GR: The Trump administration’s attempt to weaken and roll back air pollution standards is especially harmful to children because their lungs are still developing and they engage in more active, outdoor activities than adults. Children exposed to higher air pollution levels can develop serious health problems that affect their lungs and brains. Over the years, the Clean Air Act and other, related standards have made children healthier by dramatically reducing asthma attacks, respiratory symptoms and the incidence of acute bronchitis. For example, the 2011 Mercury and Air Toxics Standards Rule, which was designed to cut mercury emissions from coal-fired power plants, avoids an estimated 130,000 asthma attacks and 140,000 other respiratory symptoms every year. The Trump EPA is now reconsidering the scientific findings that underpin the rule so it can weaken it or throw it out altogether, which makes no scientific sense.

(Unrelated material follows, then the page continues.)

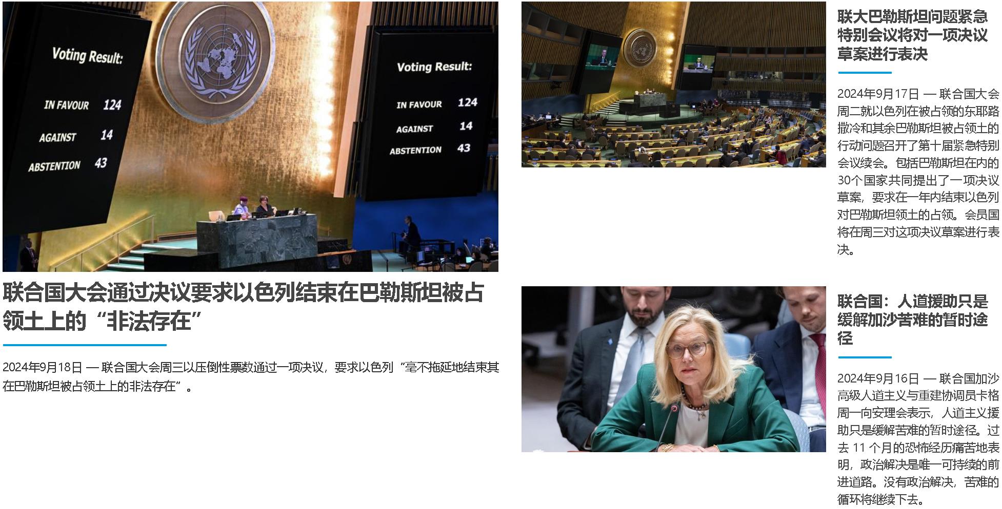 新華社聯合國9月18日電(記者潘云召)第十次聯合國大會緊急特別會議18日以壓倒性票數通過決議,要求以色列在未來12個月內結束對巴勒斯坦領土的非法占領。
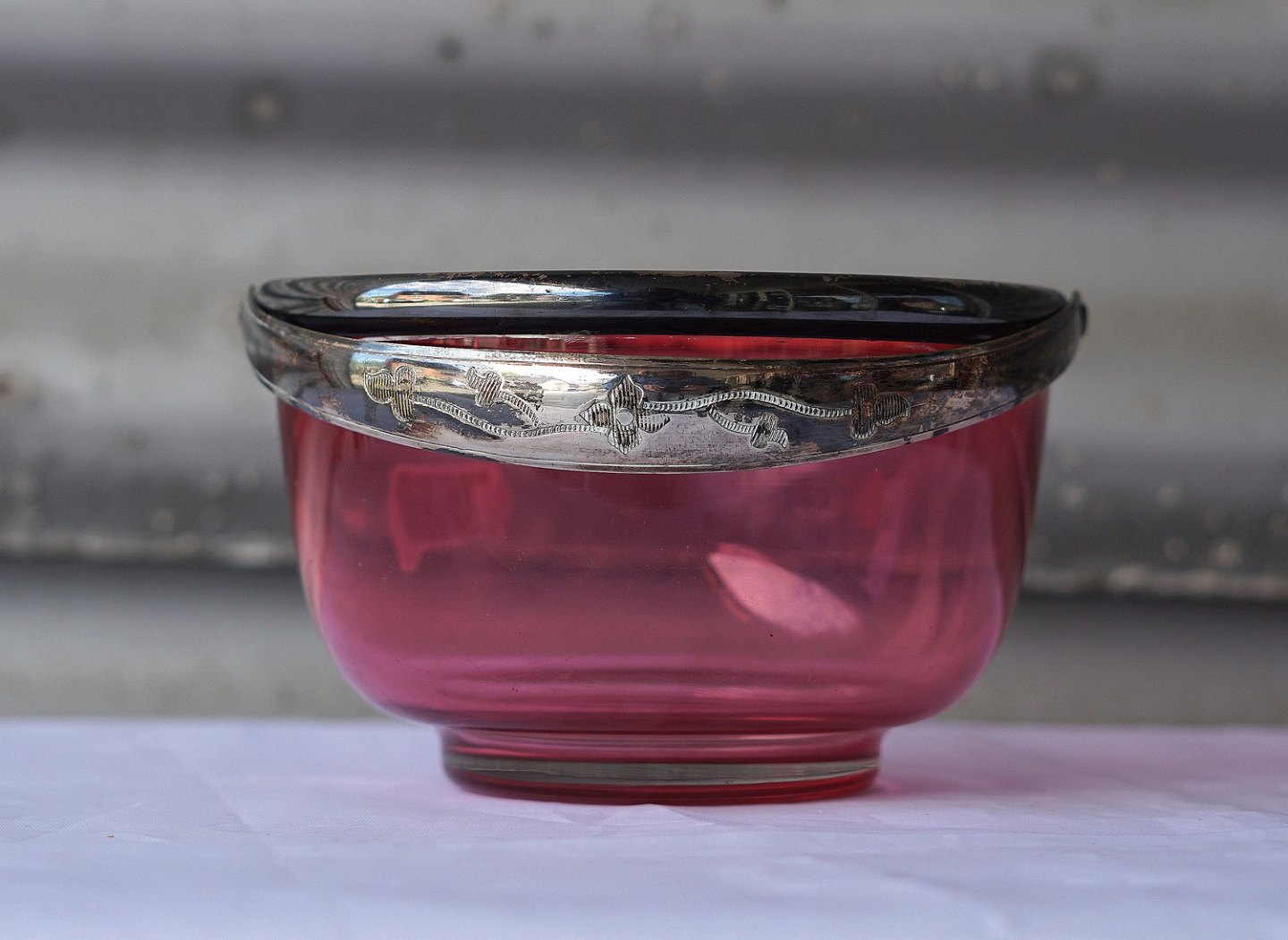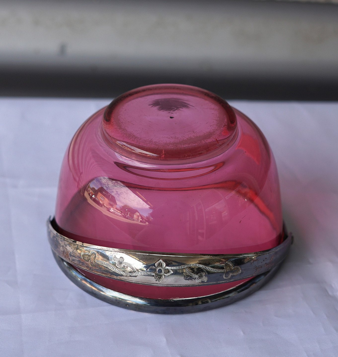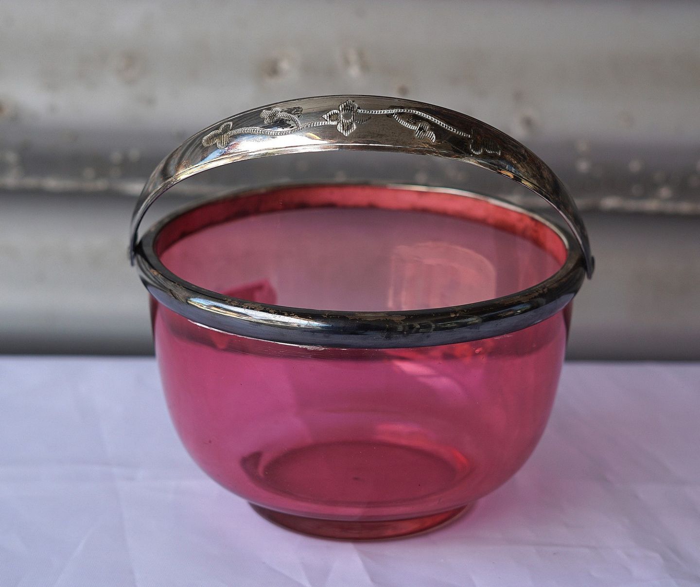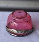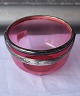 Kandisskål i rosa, presset glas, med forsølvet hank

As for climate change, the complete failure of this administration to accept climate science and act to reduce carbon emissions is putting our children and future generations at risk. Children are particularly vulnerable to the impacts of a warming world. Extreme heat can cause pregnant women to experience abnormally high blood pressure, liver and kidney damage, and premature births, and children are more susceptible to undernutrition, dehydration, and asthma and other respiratory diseases. As a parent and a researcher, I’m deeply disturbed to see what appears to be a callous disregard for children’s health by elected and appointed officials.

EN: I know my last question is beyond the scope of your report, but do you have any recommendations that would help parents protect their children given we have a government that is advancing policies that undermine their health?

GR: I hope our report prompts this question. We are sounding the alarm to encourage parents and everyone else who cares about children to advocate for science-based policies that protect children from these preventable risks.

When it comes to ensuring that we have clean air and water, we depend on our government to institute and enforce safeguards, so we have to hold our elected officials accountable. That means exercising our democratic rights more frequently than once every two years on election day. We need to make sure our elected representatives know that we are watching and demand that they represent our interests over the interest of corporate polluters. Democracy is not a spectator sport.